Аверьяну оставалось только ждать.
Петька принес дров, подложил в печку. Зашипели, затрещали сырые полешки.
— Вы дрыхните, а я пока полы подотру, — решил он, пододвигая к теплой стенке широкий стол. — Уместимся потом вдвоем, — по-хозяйски распоряжался он. — Сапоги сюда, пусть сохнут, и портянки… А утром… Мы с огольцами тебе поможем, возьмем, как миленьких, твоих спекулей! У меня, знаешь, какие хлопцы! — Он показал большой палец и сделал вид, что присыпает его солью.
Петька скинул дурацкий салоп и остался в стеганой душегрейке, надетой на полосатую рубашку-зебру, именуемую гордо «тельняшкой». Взял с припечка железное ведро, обмакнул в воду палец. «Нагрелась!» — остался он доволен результатом исследования. Принес из сенцов старый мешок — тряпку.

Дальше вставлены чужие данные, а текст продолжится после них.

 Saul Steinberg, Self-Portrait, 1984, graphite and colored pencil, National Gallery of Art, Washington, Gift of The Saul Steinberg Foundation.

— А ну, по лавкам! Не мешай рабочему люду!
Начальник милиции, Матвей Кириллович, появился в пять. Аверьян с Петькой спали, а дежурный дядя Вася растапливал потухшую было печурку. Он разгреб золу. Под нею еще сохранился жар. Встал перед печкой на колени и начал раздувать угли, подсовывая небольшие полоски березовой коры.

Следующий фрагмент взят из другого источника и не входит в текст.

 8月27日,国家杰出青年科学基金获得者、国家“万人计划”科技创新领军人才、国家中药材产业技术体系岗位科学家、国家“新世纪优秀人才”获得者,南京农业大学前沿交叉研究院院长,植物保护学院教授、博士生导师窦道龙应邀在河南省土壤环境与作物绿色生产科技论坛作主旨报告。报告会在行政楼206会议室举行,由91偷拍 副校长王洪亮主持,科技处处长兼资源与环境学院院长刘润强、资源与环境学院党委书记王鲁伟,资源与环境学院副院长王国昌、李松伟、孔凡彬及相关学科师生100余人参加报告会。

Матвей Кириллович, болезненного вида, с широкими синюшными подглазинами мужик, совершенно лысый (как тещино колено, — сказали бы в Донбассе), сидел рядом с дежурным на порточках, подавая кору, и рассказывал про житье-бытье Белоярской милиции. Хотя его повесть была жалобной, Матвей Кириллович, в действительности, не плакался.
— Людей — раз-два и обчелся, а район поболее иной державы, к примеру Люксембурга или Монако. Есть такие: две улицы, три переулка, четыре дома по пять жильцов, а уже княжество. Словом, разослал я свое войско по селам. Но если что срочное, можем кликнуть комсомольцев и коммунистов с сахарного. Я всегда за помощью — к вил. Толковые хлопцы, сообразительные.

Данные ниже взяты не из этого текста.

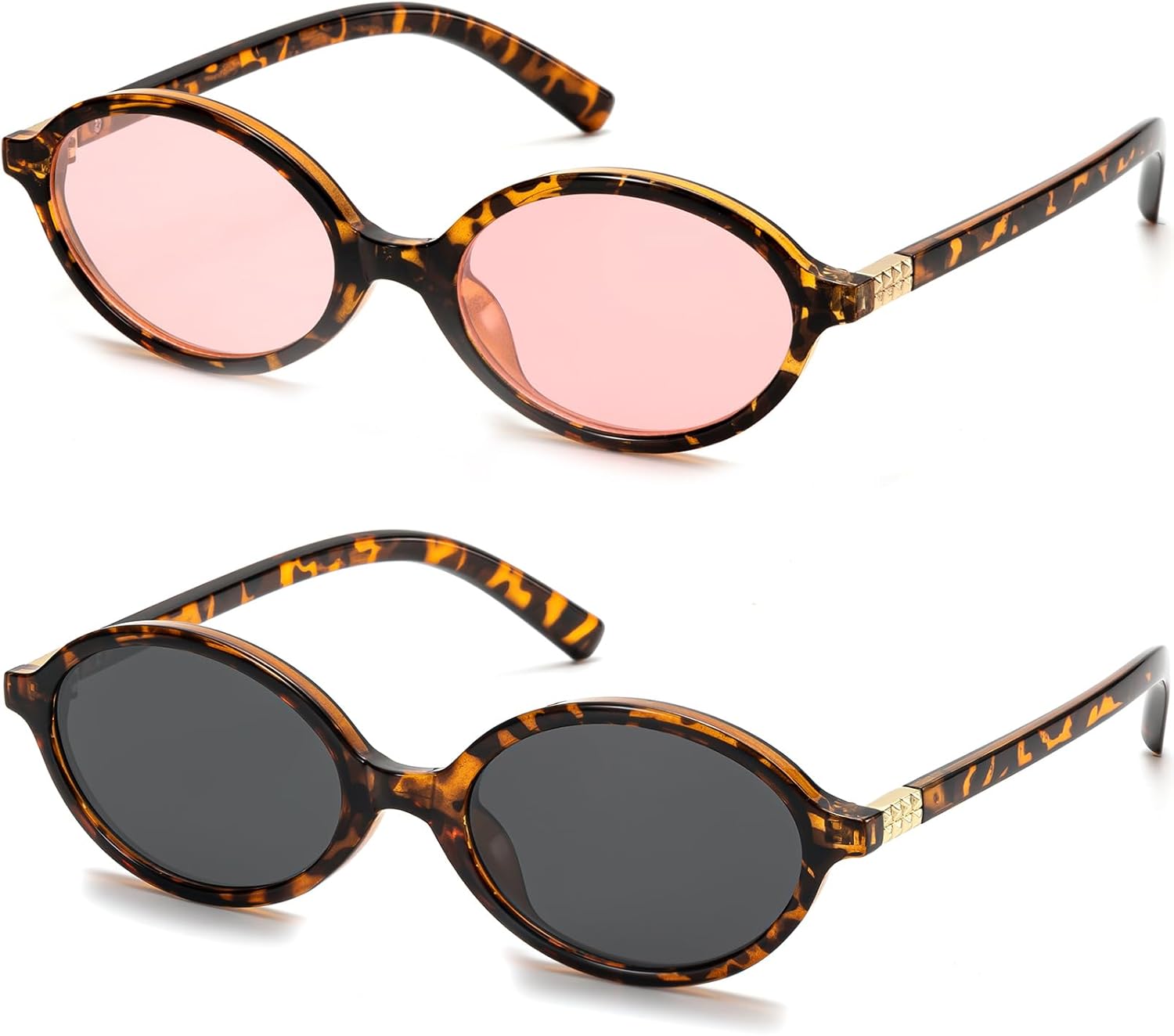 ViewJoy Retro Oval Sunglasses for Women Vintage 90s Y2K Trendy Designer Sun Glasses

— Мы их позовем непременно, — согласился Сурмач, — по вначале надо присмотреться, кого брать и с чем. С пустыми руками возьмешь — в дураках окажешься. Так что пошастаем по базару, приценимся, что и почем. Тут я возлагаю надежду на Демченко. Он их всех знает и ненавидит, а они от пего не очень-то таятся: обнаглели.
Чтобы не привлекать ненужного внимания к Демченко, Сурмач решил встретиться с ним не у базара, а здесь, в милиции, и послал, пока еще было темно, за фотографом Петьку.
Демченко пришел почти сразу. Армейские сапоги начищены до блеска, короткое «интеллигентское» пальто с бархатным воротничком в обтяжку, фуражка с лаковым козырьком. Выбрит до синевы. Хоть сейчас под венец. Вошел, присел к столу. Помалкивает, ждет, что скажут, что спросят. Скромный, но знающий себе цену.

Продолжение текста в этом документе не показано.